25

The office was empty again. No leggy brunettes, no little girls with slanted glasses, no neat dark men with gangster’s eyes.

I sat down at the desk and watched the light fade. The going-home sounds had died away. Outside the neon signs began to glare at one another across the boulevard. There was something to be done, but I didn’t know what. Whatever it was it would be useless. I tidied up my desk, listening to the scrape of a bucket on the tiling of the corridor. I put my papers away in the drawer, straightened the pen stand, got out a duster and wiped off the glass and then the telephone. It was dark and sleek in the fading light. It wouldn’t ring tonight. Nobody would call me again. Not now, not this time. Perhaps not ever.

I put the duster away folded with the dust in it, leaned back and just sat, not smoking, not even thinking. I was a blank man. I had no face, no meaning, no personality, hardly a name. I didn’t want to eat. I didn’t even want a drink. I was the page from yesterday’s calendar crumpled at the bottom of the waste basket.

I pulled the phone towards me and dialed Mavis Weld’s number. It rang and rang and rang. Nine times. That’s a lot of ringing, Marlowe. I guess there’s nobody home. Nobody home to you. I hung up. Who would you like to call now? You got a friend somewhere that might like to hear your voice? No. Nobody.

Let the telephone ring, please. Let there be somebody to call up and plug me into the human race again. Even a cop. Even a Maglashan. Nobody has to like me. I just want to get off this frozen star.

The telephone rang.

“Amigo,” her voice said. “There is trouble. Bad trouble. She wants to see you. She likes you. She thinks you are an honest man.”

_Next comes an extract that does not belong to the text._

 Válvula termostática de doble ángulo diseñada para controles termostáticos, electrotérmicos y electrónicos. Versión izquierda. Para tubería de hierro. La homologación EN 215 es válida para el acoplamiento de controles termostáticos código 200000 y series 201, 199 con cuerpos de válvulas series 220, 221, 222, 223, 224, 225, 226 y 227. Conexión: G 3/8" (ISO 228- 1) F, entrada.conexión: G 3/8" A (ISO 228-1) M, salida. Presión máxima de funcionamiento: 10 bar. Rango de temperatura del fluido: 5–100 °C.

“Where?” I asked. It wasn’t really a question, just a sound I made. I sucked on a cold pipe and leaned my head on my hand, brooding at the telephone. It was a voice to talk to anyway.

“You will come?”

“I’d sit up with a sick parrot tonight. Where do I go?”

“I will come for you. I will be before your building in fifteen minutes. It is not easy to get where we go.”

“How is it coming back,” I asked, “or don’t we care?”

But she had already hung up.

Down at the drugstore lunch counter I had time to inhale two cups of coffee and a melted-cheese sandwich with two slivers of ersatz bacon imbedded in it, like dead fish in the silt at the bottom of a drained pool.

I was crazy. I liked it.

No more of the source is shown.